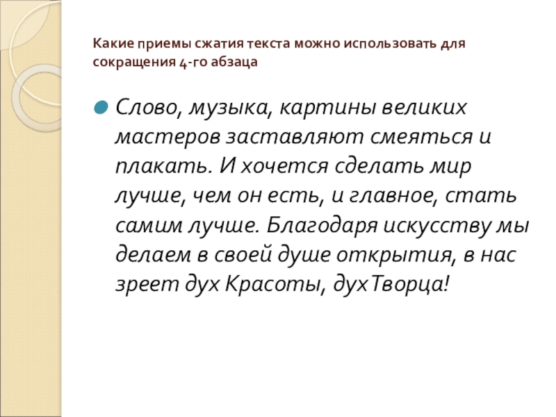 Слайд 15Какие приемы сжатия текста можно использовать для сокращения 4-го абзаца
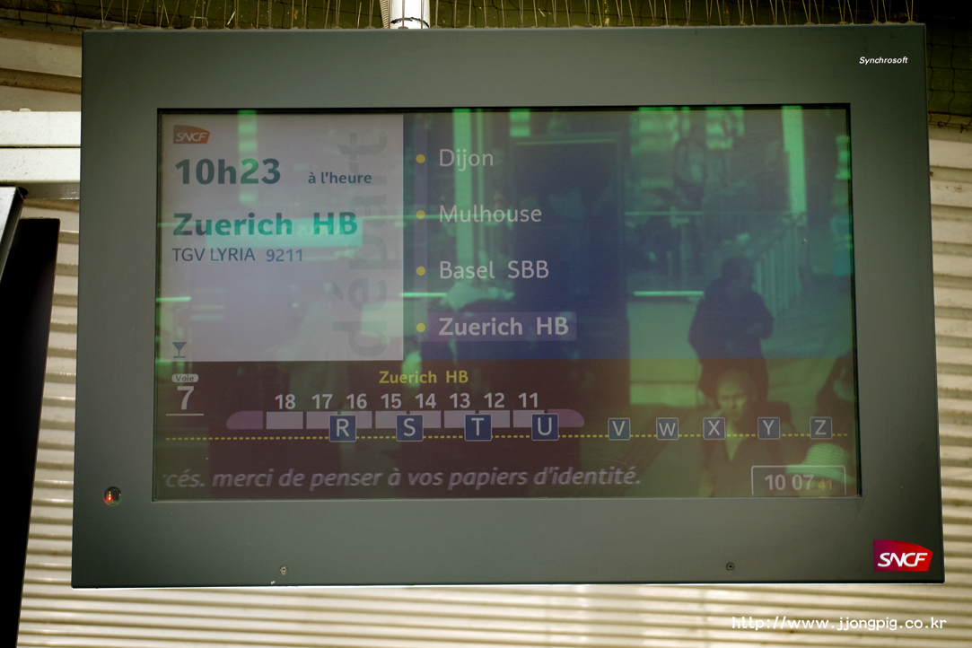 - 처음부터 취리히에서 출발하며, Basel SBB 역에서 5분 정도 정차 후 파리 리옹역에 도착하게 된다.
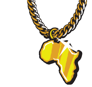 A shimmering gold chain with an Africa-shaped pendant, featuring a 'bling bling' effect. A stylish accessory.
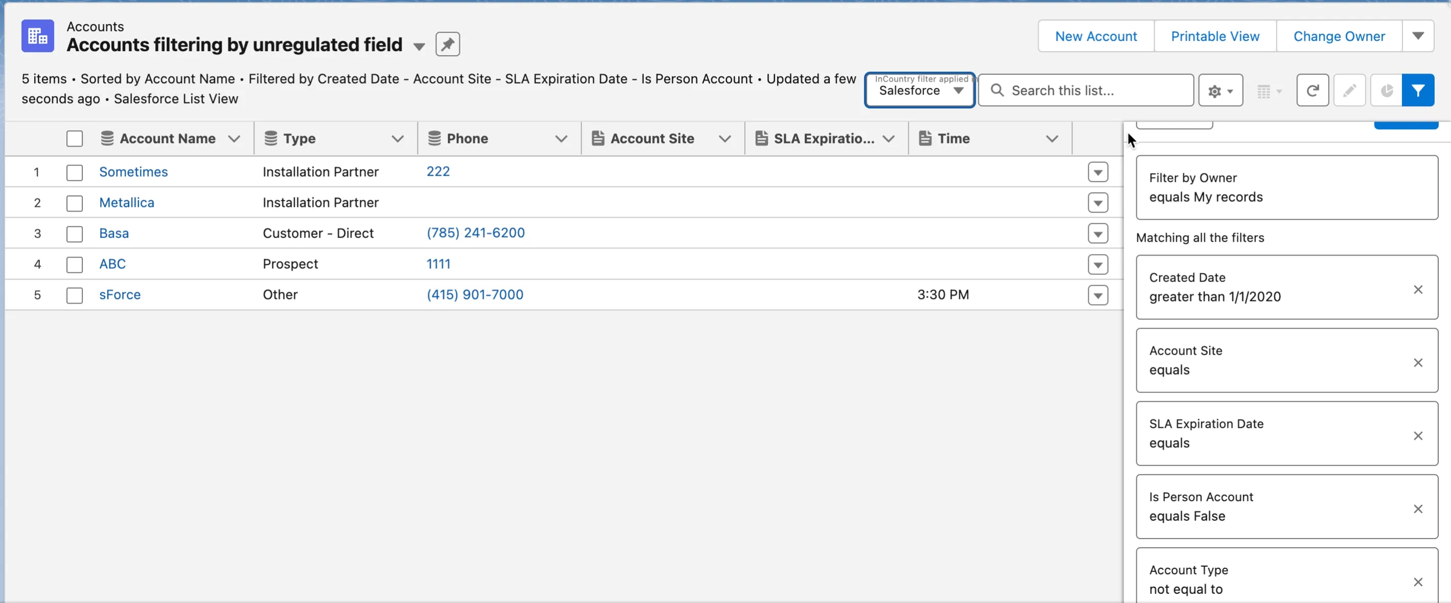 InCountry List View Filtering by Time Fields

···

### WHAT YOU NEED TO DO
Omit the pictures and output all remaining material exactly.

### OUTPUT FOR THIS EXERCISE
 Слайд 15Какие приемы сжатия текста можно использовать для сокращения 4-го абзаца
 - 처음부터 취리히에서 출발하며, Basel SBB 역에서 5분 정도 정차 후 파리 리옹역에 도착하게 된다.
 A shimmering gold chain with an Africa-shaped pendant, featuring a 'bling bling' effect. A stylish accessory.
 InCountry List View Filtering by Time Fields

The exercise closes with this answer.